Examination of the pitot static system revealed that the pitot tube was separated from its mounting location and was fractured in two. Its drain hole was clear and the pitot tube did not exhibit any evidence of preimpact blockage. The static port was undamaged and exhibited no evidence of blockage.
Examination of the flight instruments revealed that the attitude indicator displayed a 30 degree nose down, wings level attitude. Internal examination of the instrument revealed evidence of rotational scoring. The directional gyro displayed a heading of 360 degrees and the heading bug indicated 235 degrees. The altimeter was missing its indicator needles and the Kollsman window displayed an altimeter setting of 29.86 inches of mercury.
Examination of the propeller and engine revealed no evidence of any preimpact failures or malfunctions. The propeller was separated from the crankshaft flange and exhibited visible smearing of the fractured surfaces. The propeller blades exhibited twisting, s-bending, leading edge gouging, and chord wise scratching. The engine exhibited impact damage to the crankcase and oil sump. Oil was present in the rocker boxes and oil sump, and the oil sump screen and oil filter were absent of debris. The fuel injector servo was separated from the engine and was fractured across the throttle bore. The throttle plate was in the open position. The fuel regulator section was disassembled and no damage was evident. The fuel flow divider was disassembled and examination of the diaphragm revealed no evidence of damage. The fuel injection nozzle inserts were unobstructed. Both magnetos were damaged however both produced spark at all electrode towers when rotated by hand. All spark plugs were gray in color and appeared normal. Internal examination of both vacuum pumps revealed that their vanes were intact. Crankshaft and valve train continuity was visually confirmed and examination of the interior of the cylinders with a lighted borescope did not reveal evidence of any damage to the piston domes, cylinder walls, or valves.

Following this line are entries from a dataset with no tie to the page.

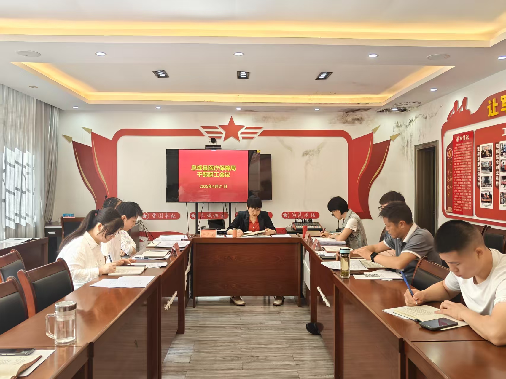 4月21日,县医疗保障局党组书记、局长张孟碧同志主持召开干部职工会议,深入学习贯彻习近平总书记在中央周边工作会议上的重要讲话精神,传达学习省委、市委、县委、县政府近期会议精神,安排和部署相关工作。
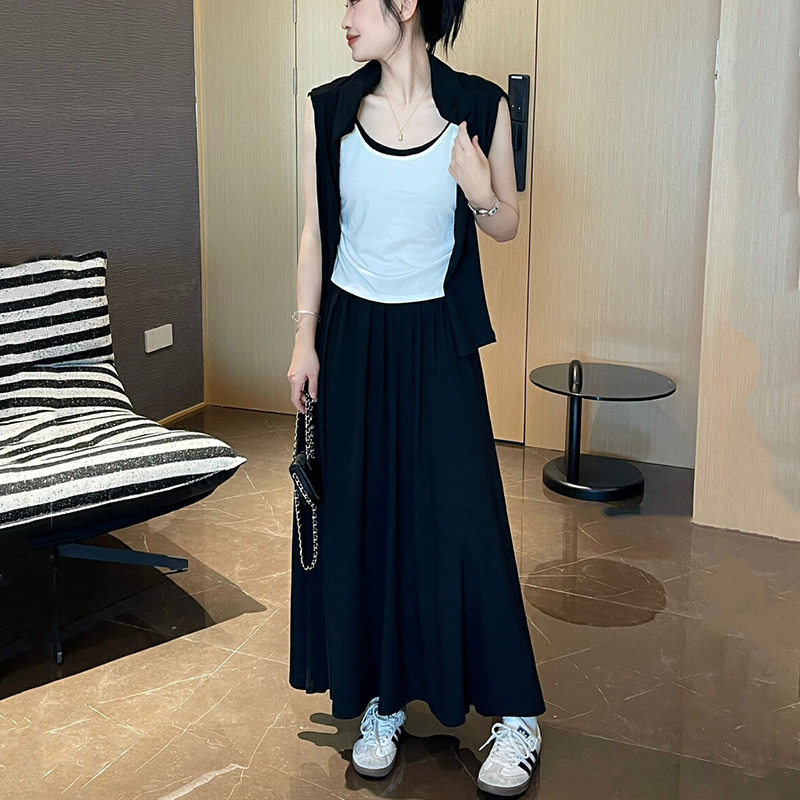 莫代尔长裙女装2025年夏吊带背心修身显瘦无袖裙子黑色a字连衣裙
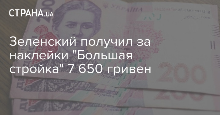 Зеленский получил за наклейки "Большая стройка" 7 650 гривен
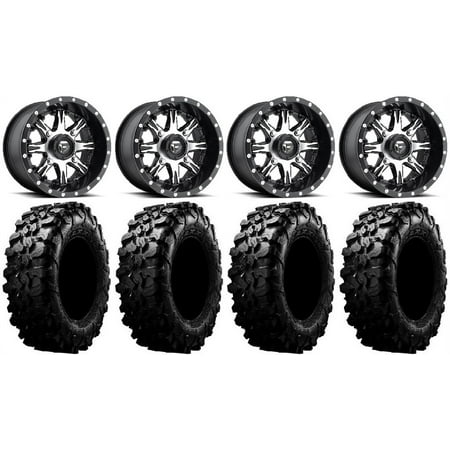 This Wheel and Tire Kit Includes: (4) Method 412 15×6 UTV Wheels – Machined 6×5.5 (5+1) [MR41256060351] (4) Maxxis Carnivore Radial (8ply) ATV Tires [32×10-15] (1) Gorilla 12mm x 1.5 6 Lug Kit & Valve Stems – Chrome [109317VS] (4) Tires Mount on ATV/UTV Wheels These Wheels will fit the following machines: Can-Am: Maverick R (2024) FITMENT NOTES: If you have any questions or concerns about fitment please contact us by email or phone BEFORE you order. This listing is for Polaris models with a 5×4.5 Bolt Pattern and 12mmx1.5 Lug Kit. Tire clearance varies by specific machine. Most machines can go at least 1 larger on the tire diameter. Fitment for other machines is available – Browse our wheel and tire kits for UTVs and ATVs. GENERAL NOTES: When you buy a set of 4 wheels OR 4 wheels & tires from us we include a Chrome Lug Kit at no additional charge ($32 Savings). Beware of other companies that do not include lug nuts & valve stems with their wheel sale some wheels require a special type of lug nut to fit into the wheel and your stock lug nuts may not work. If you wish to substitute the Chrome Lug Kit with a Black Lug Kit please contact us prior to ordering to verify availability and to ensure the change is made before the product has been packaged/shipped. We stock the majority of what we sell to ensure you get a great price and your order is shipped in a timely fashion. If you are interested in a mounted setup and don t see what you are looking for on our store please let us know. We can always package any tire we offer on any wheel we offer and they will come to your door mounted and ready to bolt on to your machine.
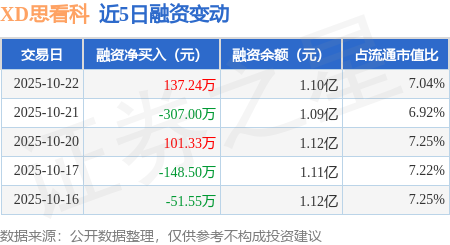证券之星消息,10月22日,XD思看科(688583)融资买入216.52万元,融资偿还79.28万元,融资净买入137.24万元,融资余额1.1亿元。
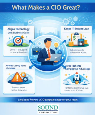 CIOs go beyond tech talk and fancy suites. They shape how tech empowers your team. Discover what a CIO offers your business and contact Sound Power Solutions’ #vCIO team to see how we transform tech overhead into a strategic advantage.
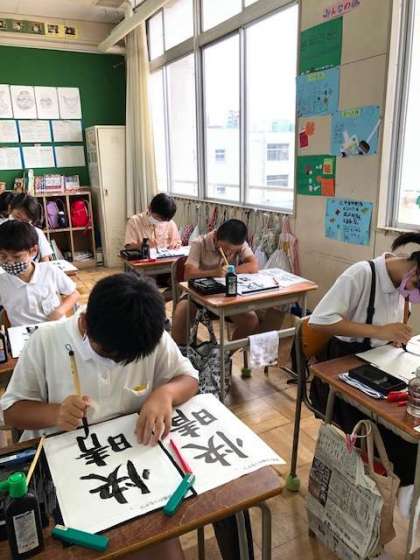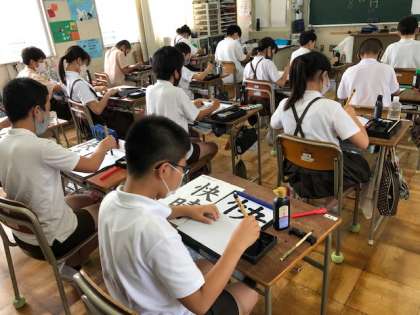 今日は6年生になって初めての毛筆の学習でした。筆順と点画のつながりを確かめて、丁寧に書きあげました。
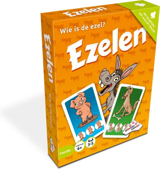 Ezelen met de hele familie! Ezelen, het vrolijke kaartspel dat iedereen kent, nu in een nieuwe uitvoering. Met grappige dierenkaarten en echte ezels. Ezelen is een gezellig, hectisch en snel spel voor de hele familie. Schuif de kaarten naar elkaar, verzamel vier dezelfde en pak als eerste een ezel. Te laat? Dan word je de ezel!
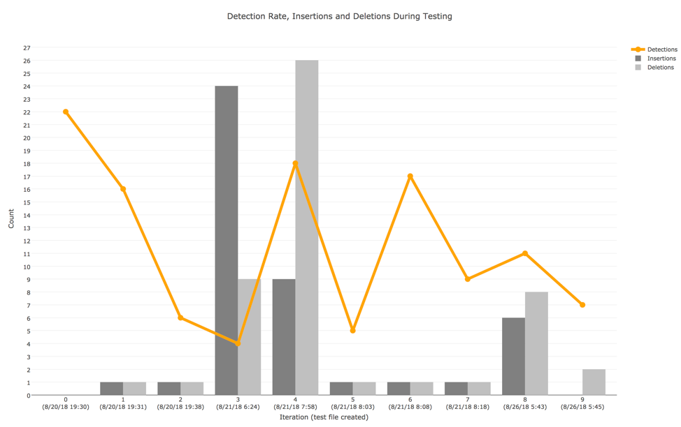図2の図表で、テスト実行者によるテストの各繰り返しでのスプレッドシートの変更に伴って、検出率が上がったり、下がったりしているのがわかります。これらの検出率の変化によって、テスト実行者は、ファイルの変更度合いによって検出されるかどうかを判断することができます。このテスト活動を分析するに当たり、弊社は各繰り返しで実行された変更の数を比較しました。特に、GitHubファイル差分に基づく、挿入行数および削除行数と検出件数を比較して、変更量が検出率に明らかに影響を与えるかどうかを判断しました。図2では、わずかしか変更されていない繰り返し1および2では、検出件数が多く減り、変更が多い繰り返し3および4では、検出件数が少ししか減らない、あるいは大きく増加するという結果になっています。
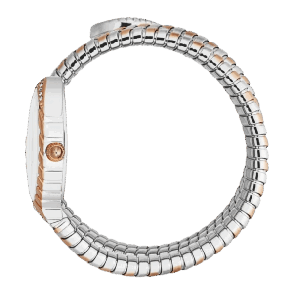 The Just Cavalli Women’s Two-Tone Watch – Model JC1L323M0065 showcases the brand’s dedication to blending modern aesthetics with timeless elegance. The 22 x 32 mm stainless steel case features a harmonious combination of silver and rose gold tones, housing a sleek silver dial protected by a scratch-resistant mineral crystal. The matching two-tone stainless steel bracelet ensures durability and comfort, secured with a bangle clasp. Powered by a precise quartz movement, this watch offers reliable timekeeping. With a water resistance of up to 3 ATM (30 meters), it is suitable for everyday wear, including exposure to splashes and rain.
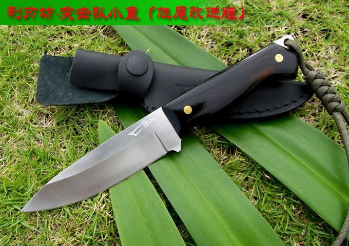 利刃坊-突击队小直(虺尾改进版) 全 长:215mm 刃 长:113mm 柄 长: 102mm 刃 厚:4.2mm 刃 材:9Cr13CoMoV(440ch) 硬 度:59-61HRC 刀 柄:黑檀 表 面:砂光 净 重: 170.0克 皮套重: 60.0克 重 量: 380克 备 注: 真空二次热处理
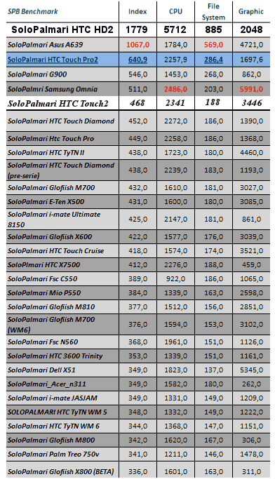 Chiaramente HD2 regna inconstrastato, mi sarebbe piaciuto sapere il benchmark del Toshiba TG01, terminale con il solito processore SnapDragon.

According to FAA and airplane maintenance records, the accident airplane was manufactured in 2004. The airplane’s most recent annual inspection was completed on December 1, 2010. At the time of the inspection, the airplane had accumulated 1,485.8 total hours of operation.
According to FAA records, the pilot held a private pilot certificate with ratings for airplane single-engine-land and instrument airplane. His most recent FAA third-class medical certificate was issued on December 17, 2009. According to his pilot logbook, he had accrued 388 total hours of flight experience, and 21 hours of actual instrument flight experience.
The reported weather at CRE at 1311, included: winds 310 degrees at 4 knots, 4 miles visibility in mist, skies overcast at 600 feet, temperature 7 degrees C, dew point 6 degrees C, and an altimeter setting of 29.84 inches of mercury.